We usually consider training data set, development data set and test data set all three coming from the same distribution.
But not always all the dataset has to come from the same distribution. There are certain cases where we can have different distributions as well.
For example, lets consider a car detector application.
For this the initial dataset is created by collecting images from users through a mobile application.
From this we shall create train, development and test sets. If the total image itself is 10000. We might split 5000 for train, 3000 for dev and 2000 for test.
We will not be considering the test set for now. Lets build a initial model using train set and accuracy yields 90% on train, on development it is 80%
Optimum we are going to have is 97% as acceptable. Here the entire dataset is from single distribution, In this case both bias and variance needs improvement. If we can reduce acceptable bias to 0, i.e achieve train accuracy as 97%(using bias reducing techniques) then straight away we can consider adding mode data to build model and expect variance(difference between train and development) to reduce.
If say the data to build model is not enough, we expedite there is going to be different kind of data in realtime and what we got from users is not sufficient, we can include data from other sources. We will take 20000 car images from internet. Out of 10000 images provided by users, take 5000 and add it to internet images to form a new train set of 25000 images. Keep remaining 5000 for development and test set.
Since this internet train set has a new distribution, we have to ensure the model built from train set works as expected. We cannot have benefit of doubt against development set alone. Hence from the new train set split 5000 as train-development set and keep it aside. Now use 20000 images for train set and create a model. Say the accuracy is 95% Use this model and test against train-development set. The accuracy in this set is 85%. Then clearly we need to improve the model, adding any more amount of data is not going to help. Use bias reducing techniques. Even then it doesn’t improve, sample dataset and perform manual error analysis of train and train-development sets.
This train-development set is created to diagnose how much of bias, variance or data mismatch is affected by. Also a model built with train set should be able to generalise over development set.
Once we have train-development accuracy reach ~95% then test on development set now. Say the resulting accuracy in development set is now 85%. This is a data mismatch problem since model was able to generalise with train-development set.

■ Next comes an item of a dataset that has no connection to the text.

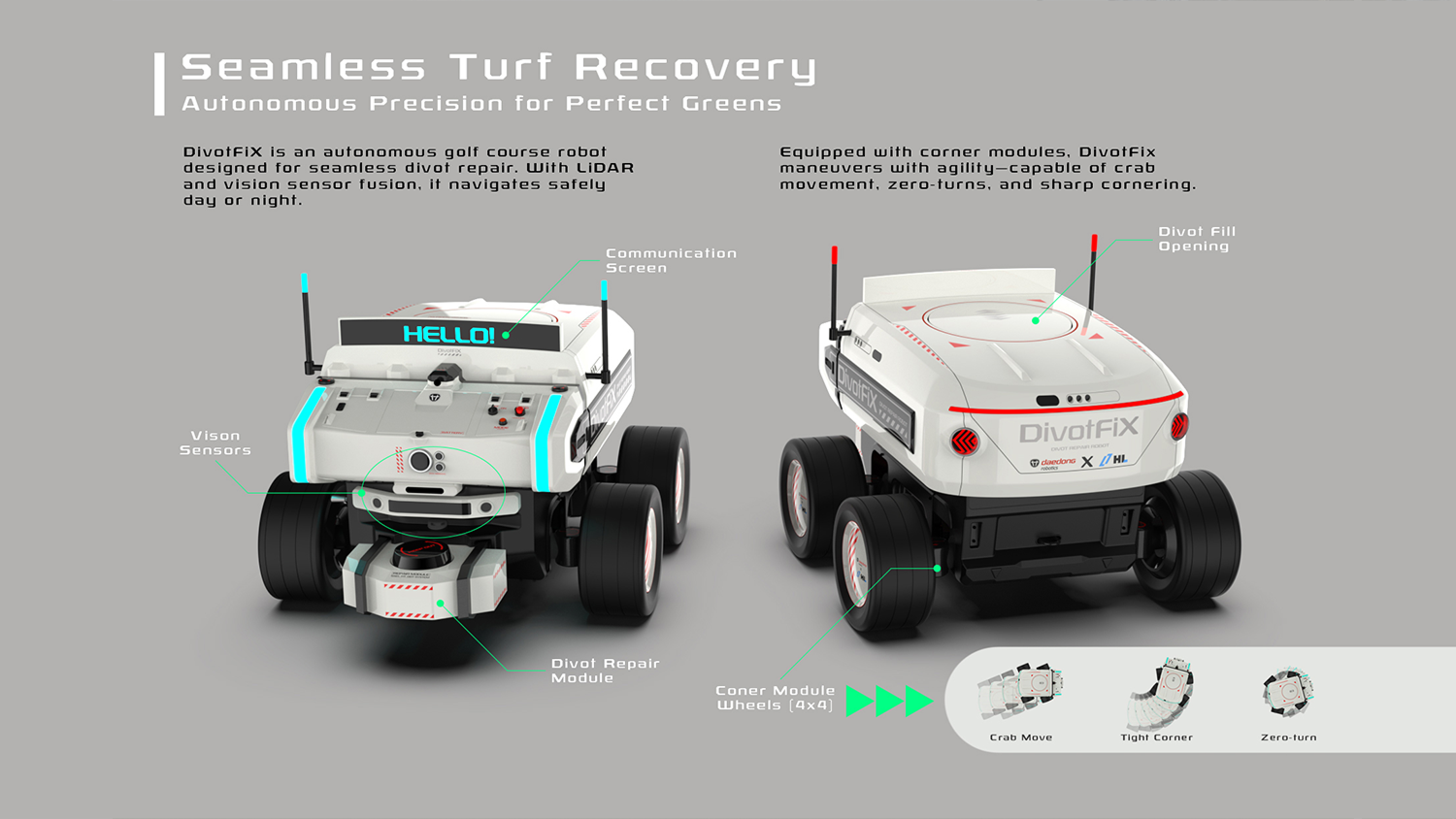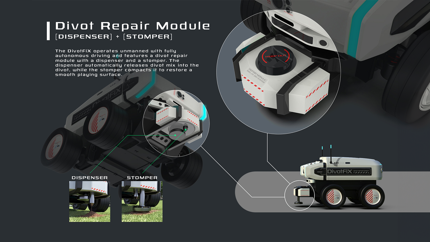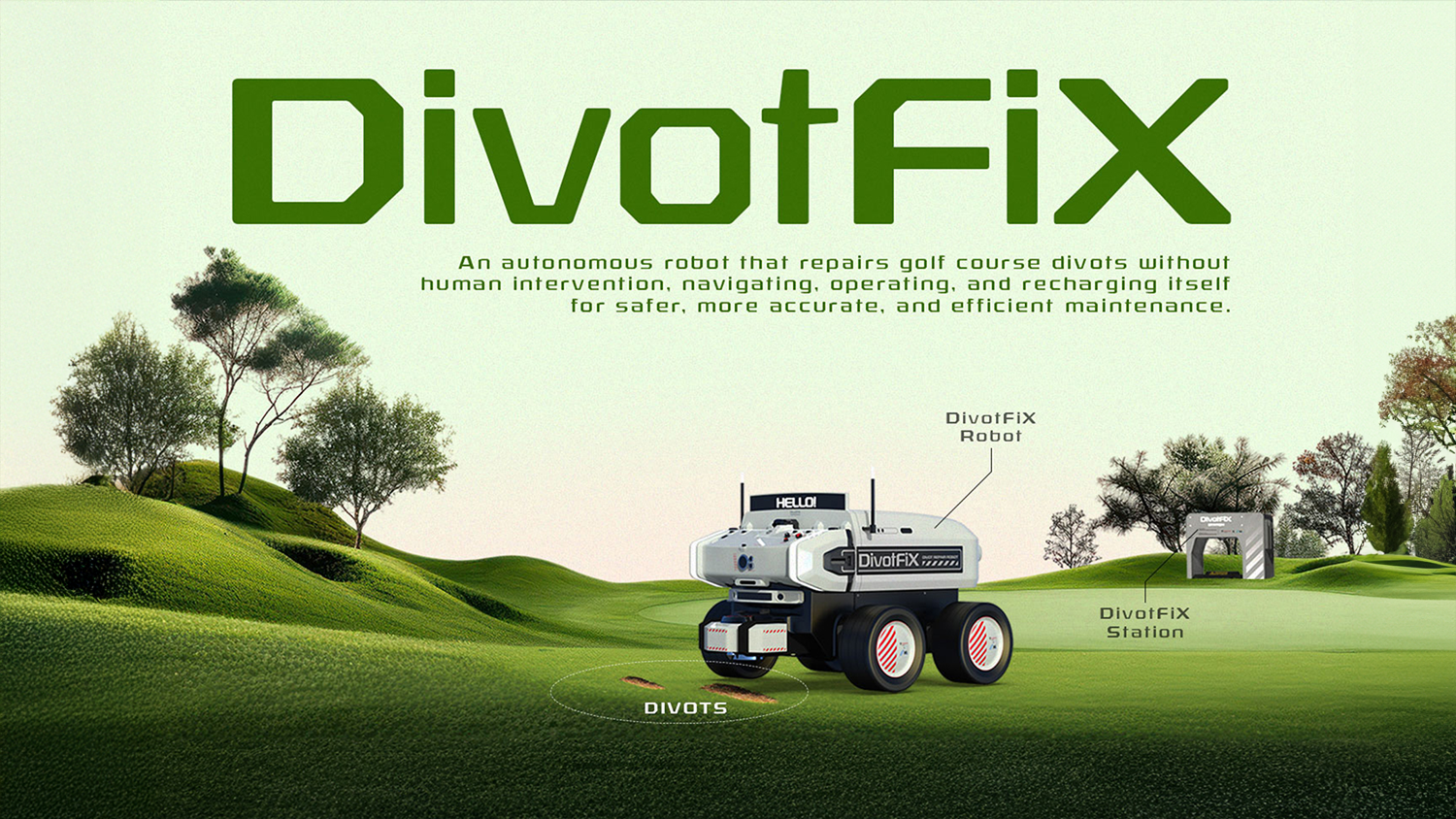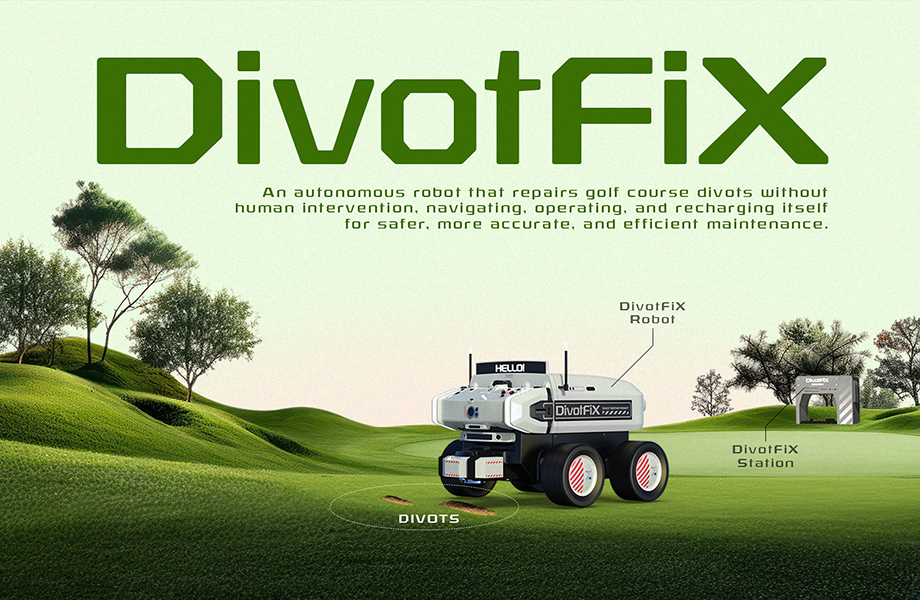DivotFiX is the world’s first autonomous AI robot for repairing divots on golf course fairways. Equipped with AI, LiDAR, and vision-based sensors, it detects divot damage, calculates optimal repair paths, dispenses the exact amount of divot sand, and uses an integrated tamping system for restoration. Traditional repair work exposes staff to injury from golf balls and extreme heat. DivotFiX eliminates these risks, performing safe, unmanned operations both day and night. Its sensors identify people and vehicles to avoid collisions and allow golfers to play undisturbed. After each job, DivotFiX returns home to recharge batteries and refill divot sand. Managers can monitor the robot’s progress and material usage through its AI platform. DivotFiX delivers safer working conditions, lower maintenance costs, improved repair quality, and operational efficiency year-round.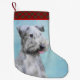 Calcetín Navideño Pequeño Pintura de Cesky Terrier - Arte de Perro Original.

To address data mismatch problem start with analysing what features are different from train set and development set. Try to find more training data that better matches with development set. If in this case there can be constraints with getting more and more data.
For different kinds of data problem there are certain approaches like artificially creating synthetic datasets. In a voice recognition system, training data is created by mixing multiple audios according to the real environment. Say the development data contains recording in open air.
Then we can mix wind sounds with clean recorded audio. But this can lead to bias towards repeated wind sounds that we mixed into audio. Because as humans we may not be sensitive to wind sound, but neural network models can easily sense it. So as a caution the ratio to mix artificial source of data(wind noise) has to be diverse and in equal quantity with the original data(clean recording).
For car recogniser app, you shall consider images from video games but that is very small portion of data when compared with real world.